In the orthodontic treatment process, orthodontic tooth movement is a mechanobiological reaction resulting from appropriate orthodontic forces, which is based on a series of periodontal tissue changes, including bone remodeling. Bone remodeling involves a dynamic equilibration between osteoblasts, which form bone, and osteoclasts, which absorb bone (Sims & Martin, 2014). A variety of cytokines, proteins, and transcription factors, such as alkaline phosphatase (ALP), bone morphogenetic protein-2 (BMP-2), runt-related transcription factor 2 (Runx2), and osteocalcin (OCN), are involved in mediating osteoblastogenesis and bone formation (Hu et al., 2005, Leboy and Osyczka, 2005).

Osteoblasts are important in the process of Piezo1-regulated bone remodeling. As an important mechanoreceptor cell for transforming mechanical stimuli into biochemical signals, osteoblasts are responsible for the regulation of bone formation and tissue mineralization. They can also secrete bone matrix and produce the cytokines necessary for osteoclast differentiation (Wozniak et al., 2000, Yoneda et al., 2019). For example, removing Piezo1 from mice osteoblasts led to bone loss and increased bone resorption, suggesting that Piezo1 may play a role in regulating mechanoload-dependent bone formation and remodeling in osteoblasts (L. Wang, You, et al., 2020; Zhou et al., 2020). However, the mechanical response properties and the mechanism of mechanical transduction of these cytokines produced by osteoblasts remain unclear. Among many osteoblast cell lines, MC3T3-E1 is a mouse embryonic osteoblast precursor cell, which has strong osteogenic ability and the ability to differentiate into osteoblasts, chondrocytes, and other cell types and can form bone tissue in vitro. These properties make it an ideal tool for studying bone formation.

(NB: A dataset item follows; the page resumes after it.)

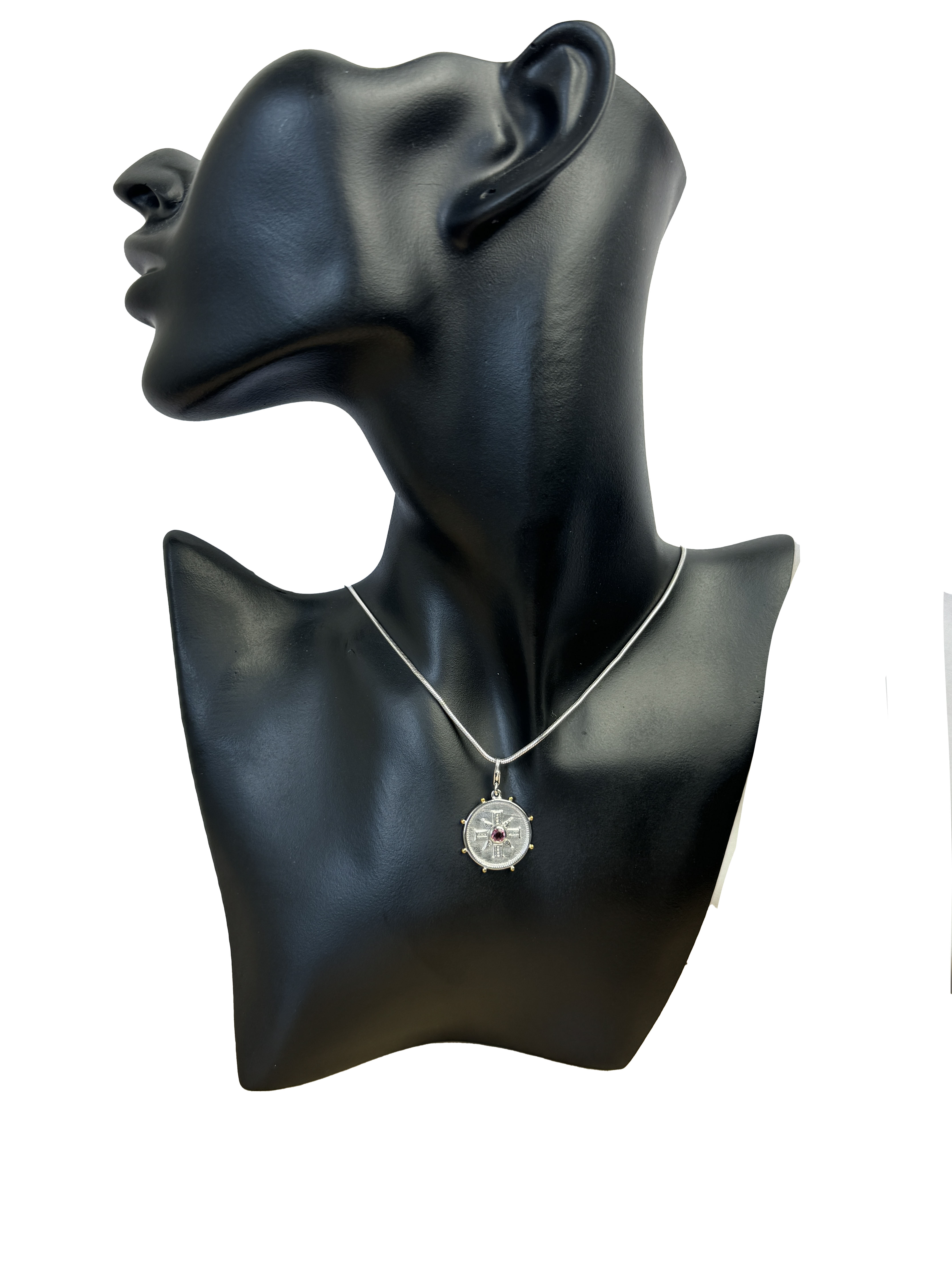 Coin Pendant with Pink Tourmaline semi-precious stone

The mechanosensitive Piezo channels are large transmembrane proteins, which have been identified as non-selective mechanosensitive cation channels (Coste et al., 2010, Ge et al., 2015; Q. Zhao et al., 2016; Qiancheng Zhao et al., 2018). These proteins, which are conserved among various species, mediate mechanical responses in various cell types (Coste et al., 2012). The family of Piezo channels includes Piezo1 (Fam38A) and Piezo2 (Fam38B) in vertebrates (Coste et al., 2010). In the field of bone biology, the Piezo1 and Piezo2 channels have been shown by many previous studies to contribute to bone remodeling. In osteocytes cultured in vitro, mechanical stress activates the Piezo1–Akt pathway, which is crucial for suppressing the expression of Sost, which encodes Sclerostin (Sasaki et al., 2020). Piezo1 in osteocytes can also sense fluid shear stress (FSS) and then upregulate Wnt1 by activating YAP1 and TAZ. In vivo studies have demonstrated that knockout of Piezo1 in bone tissue cells leads to the pathological manifestation of osteoporosis in mice, which can be improved by treatment with the Piezo1 agonist Yoda1 (X. Li et al., 2019). The osteogenesis of osteoblasts is disrupted by Piezo1 knockout, severely impairing bone structure and strength (Sun et al., 2019). In hydrostatic pressure-treated human marrow mesenchymal stem cells, Piezo1 senses the mechanical stimuli and activates ERK1/2 and p38 MAPK signaling, which in turn upregulate BMP-2, Runx2, and Osterix to promote osteoblast differentiation (Sugimoto et al., 2017). TRPV4 and Piezo1 modify the proliferation of osteoblasts under fluid shear force, suggesting their involvement in the mechanical transduction of osteoblasts. Additionally, TRPV4-dependent Ca2+ response under fluid shear stress (FSS) can be generated by Yoda1 through the activation of Piezo1 (Yoneda et al., 2019). Meanwhile, the osteoclastogenesis of periodontal ligament cells (PDLCs) in periodontal tissues resulting from mechanical load is mediated by the Piezo1 channel. The NF–kB signaling pathway plays a mediating role in this process (Jin et al., 2015).

Although Piezo1 channels are now widely recognized for their influence on cellular mechanotransduction in bone biology, limited information is available regarding the factors and signaling pathways involved in Piezo1-mediated effects in osteoblasts. Thus, we aimed to evaluate the impact of Piezo1 on the osteogenic and osteoclast factors in osteoblasts under mechanically load.